Multiline string literals

Kai Kunstmann Kai.Kunstmann at
Mon Aug 8 03:17:02 PDT 2011


I support Maurizio's argument: If your are in need of quotes within
quotes ("I said \"Quote me!\" to make my point.") or something similar
that has some kind of structure, you probably are in need of an
abstraction to your use case rather than a language change:

"I said " + quote("Quote me!") + " to make my point."
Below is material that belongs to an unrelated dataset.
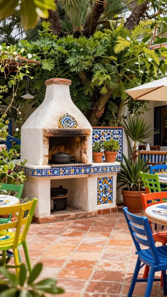 Escape to the Mediterranean with a grill area bursting with vibrant colors and lush greenery. This design often features terracotta or mosaic tiles, adding a distinct flair to your outdoor cooking space.

About the platform dependency: Maybe I'm missing something here, but I
don't see how the compiling platform can even effect or alter a literal
String expression anyway. The line-break already is in the source code,
and it is Unix/Windows/Mac depending on what delimiter your IDE chose to
put down when you hit enter (or which one you told it to choose). Every
reasonable compiler should come up with the same result independent of
the compiling platform, which is to use the same line-break as in the
source. If your source changed during the transfer from OSix to wOS,
then that's the problem. My IDE supports the display of typographic
(hidden) characters and the explicit line-break conversion between the
major standards. How about yours?

If anything, I would like string literals to support the in-lining of
escape-sequences and/or line-wrapping support by means of a trailing
backslash to improve readability of code:

"This is a single-line string literal although it \
has 2 lines in the source to illustrate my point."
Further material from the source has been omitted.